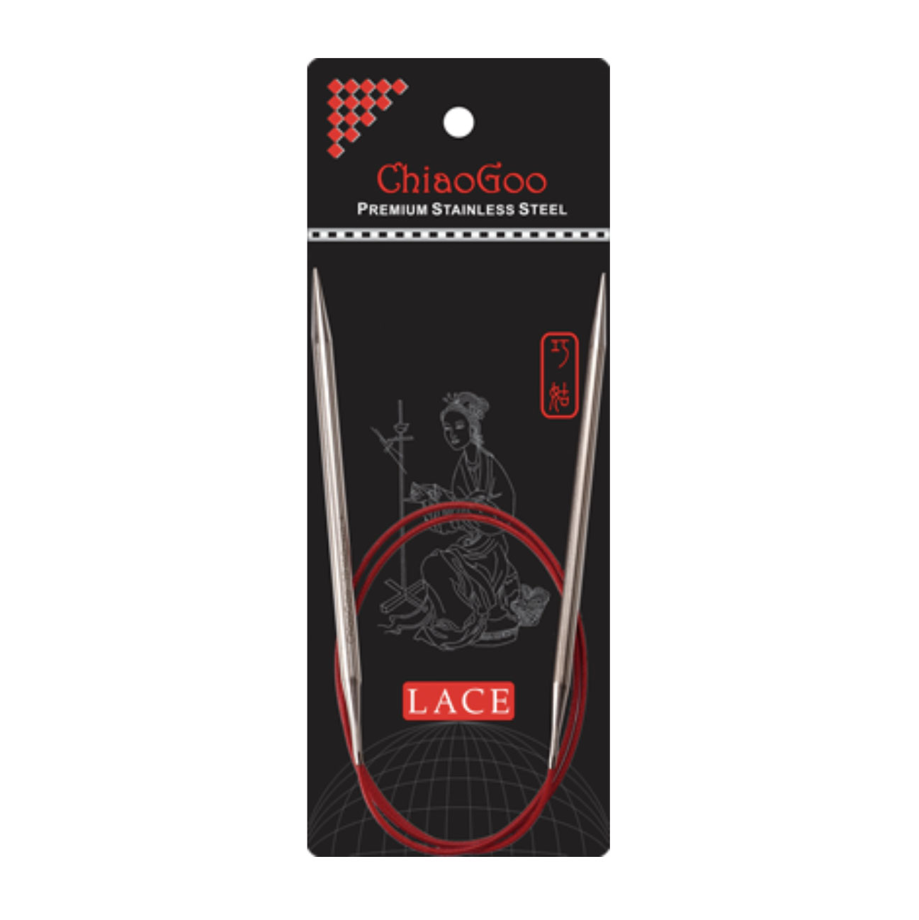 Chiaogoo Red Lace Pyöröpuikot ovat Chiaogoon suosituin tuoteperhe. Nämä erittäin laadukkaat puikot on valmistettu kirurginteräksestä. Kirurginteräs on materiaalina huippulaadukasta ja allergisoimatonta ja takaa puikolle sileän pinnan. Chiaogoo pyöröpuikkojen kaapeli on nailon päällystettyä teräsvaijeria. Teräsvaijeri on taipuisaa, mutta palautuu säilytyksenkin jälkeen suoraksi, minkä ansiosta et joudu ongelmiin kiertyneen kaapelin kanssa. Niin puikkojen kuin kaapelinkin ansiosta neule liikkuu sujuvasti ja työskentely on mukavaa.
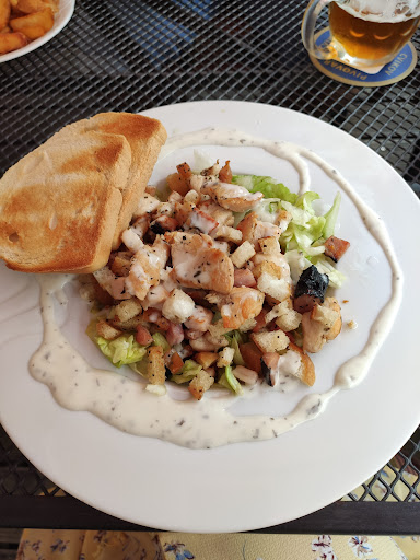 This is the best choice for a meal in a small village with a bunch of poor choices. That’s not to say it was terrible, it was quite ok and reasonable value for the money. Just it does suggest certain conditions to ensure a moderate level of satisfaction. Perhaps the most important rule is - Stick to the simplest meals on the menu. Meals that are extremely common, like pork steak or chicken schnitzel. Don’t order anything that hints of foreign lands and stay away from the imported fish. The food here tends to be too greasy, so stay away from the food in meat sauces and gravies if you you want to avoid grease. (Example the meat and livers wrapped in a potato pancake was soggy and uneatable.) The corollary to the above is that the meals will be very very simple. The salad is the typical (classic?) Greek salad (tomatoes, cucumber, onion, the omnipresent Edam cheese and maybe some black olives) with limited spices and just a little oil and regular vinegar. My advice, go in with low expectations, order simply, and you won’t be...
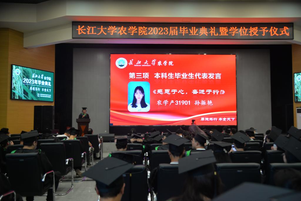 典礼随着暖场舞蹈《华夏》的表演拉开序幕,现场成员在尹书记的带领下共同奏唱国歌,2023届毕业典礼暨学位授予仪式正式开始。典礼伊始,由党委书记姜清奎为优秀毕业生代表颁奖。随后,由三名毕业生代表发言。农学产31901孙振艳作为本科毕业生代表饱含深情地做了以《感恩于心,奋进于行》为题的发言,她用真挚的言语表达出对老师的感恩、对同学的不舍以及对学院的祝福。其后,研究生毕业生代表农艺种业QZ201班杨伟与留学生毕业生代表2020级作物学Milca Banda Medison先后上台进行发言,言辞恳切地表达出对老师、同学们的感激之情以及对未来的展望。

» **Task directions**
Repeat each line of the material exactly, please, and skip every picture.

» **Response**
 Chiaogoo Red Lace Pyöröpuikot ovat Chiaogoon suosituin tuoteperhe. Nämä erittäin laadukkaat puikot on valmistettu kirurginteräksestä. Kirurginteräs on materiaalina huippulaadukasta ja allergisoimatonta ja takaa puikolle sileän pinnan. Chiaogoo pyöröpuikkojen kaapeli on nailon päällystettyä teräsvaijeria. Teräsvaijeri on taipuisaa, mutta palautuu säilytyksenkin jälkeen suoraksi, minkä ansiosta et joudu ongelmiin kiertyneen kaapelin kanssa. Niin puikkojen kuin kaapelinkin ansiosta neule liikkuu sujuvasti ja työskentely on mukavaa.
 This is the best choice for a meal in a small village with a bunch of poor choices. That’s not to say it was terrible, it was quite ok and reasonable value for the money. Just it does suggest certain conditions to ensure a moderate level of satisfaction. Perhaps the most important rule is - Stick to the simplest meals on the menu. Meals that are extremely common, like pork steak or chicken schnitzel. Don’t order anything that hints of foreign lands and stay away from the imported fish. The food here tends to be too greasy, so stay away from the food in meat sauces and gravies if you you want to avoid grease. (Example the meat and livers wrapped in a potato pancake was soggy and uneatable.) The corollary to the above is that the meals will be very very simple. The salad is the typical (classic?) Greek salad (tomatoes, cucumber, onion, the omnipresent Edam cheese and maybe some black olives) with limited spices and just a little oil and regular vinegar. My advice, go in with low expectations, order simply, and you won’t be...
 典礼随着暖场舞蹈《华夏》的表演拉开序幕,现场成员在尹书记的带领下共同奏唱国歌,2023届毕业典礼暨学位授予仪式正式开始。典礼伊始,由党委书记姜清奎为优秀毕业生代表颁奖。随后,由三名毕业生代表发言。农学产31901孙振艳作为本科毕业生代表饱含深情地做了以《感恩于心,奋进于行》为题的发言,她用真挚的言语表达出对老师的感恩、对同学的不舍以及对学院的祝福。其后,研究生毕业生代表农艺种业QZ201班杨伟与留学生毕业生代表2020级作物学Milca Banda Medison先后上台进行发言,言辞恳切地表达出对老师、同学们的感激之情以及对未来的展望。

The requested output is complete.